Ya Gotta Tabata

Snap Fitness

Similar to HIIT and circuit training, Tabata is a high-intensity workout that has fitness and weight-loss benefits. The interval-based model can be done in a short amount of time using your body weight (add light weights or resistance bands for a challenge) and a stopwatch.

 

Do 20 seconds of move A, then rest 10 seconds. Do 20 seconds of move B, then rest 10 seconds. Continue alternating between the pair of movements until four minutes are up!

 

 

 

Warm-Up

Jump rope or jog for five minutes.

 

 

 

Tabata One

(A) Jumping jacks – 20 seconds exercise / 10 second rest.

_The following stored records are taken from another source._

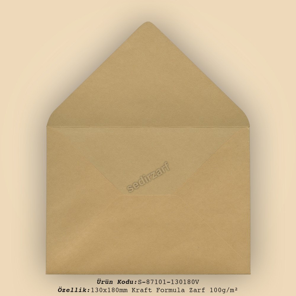 13x18cm Formula Kraft Zarf 100gr/m² kağıttan mamul bu zarf 50'lik paketler halindeSEDİR Zarf işçiliği ve kalitesiyle satışa sunulmaktadır.
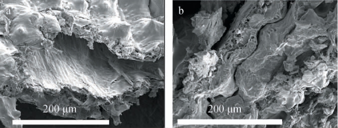 图11 活化前(a)与活化后(b)酒糟-MDI复合材料截面的场发射扫描电子显微镜图
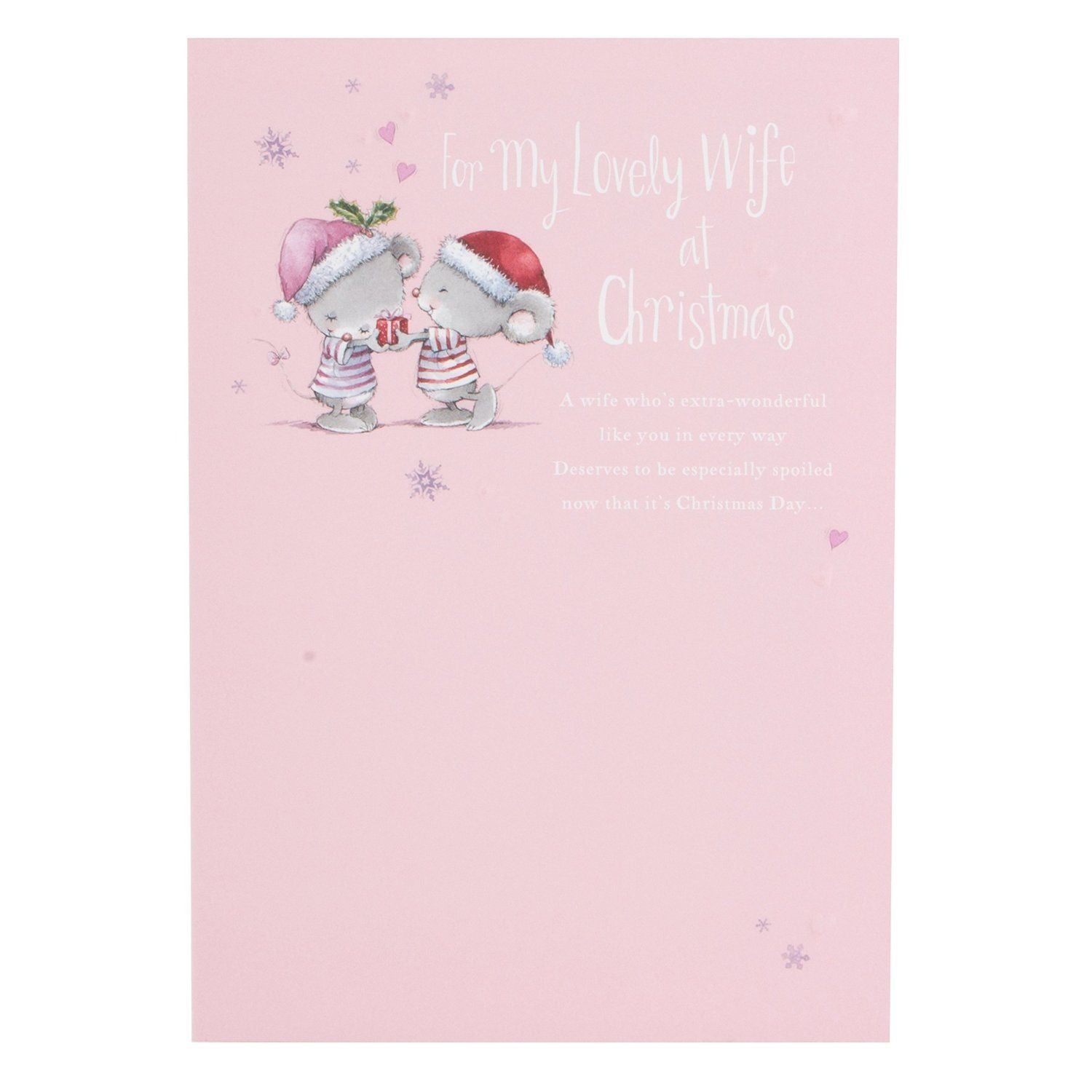 These cute characters, from Hallmark's Dylan and Friends range, are guaranteed to make your wife smile at this very merry season! Message on the front reads: For My Lovely Wife at Christmas A wife who's extra-wonderful like you in every way Deserves to be especially spoiled now that it's Christmas Day...  Message inside reads: But there could never be a gift quite nice enough it's true To show how very grateful I am that I've got you! Happy Christmas With Lots of Love This quality, medium sized card features an adorable mouse couple sweetly exchanging a gift, surrounded by charming snowflake illustrations and tiny, embossed hearts. The inside reveals a striking red and white polka dot finish. A lovely Christmas card for a lovely wife! Box Contains 1 Card 1 Envelope

(B) Alternating backward lunges – 20 seconds exercise / 10 second rest.

Repeat above for four minutes.

 

Take a one minute break.

 

 

 

Tabata Two

(A) Jump squats – 20 seconds exercise / 10 second rest.

(B) Tricep dips – 20 seconds exercise / 10 second rest.

Repeat above for four minutes.

 

Take a one minute break.

 

 

 

Tabata Three

(A) High knee run – 20 seconds exercise / 10 second rest.

(B) Mountain climbers– 20 seconds exercise / 10 second rest.

Repeat above for four minutes.

 

Take a one minute break.

 

 

Tabata Four

(A) Burpees – 20 seconds exercise / 10 second rest.

(B) Bicycle crunches – 20 seconds exercise / 10 second rest.

Repeat above for four minutes.

 

 

 

Cool-down

Spend five minutes walking on the treadmill and stretching.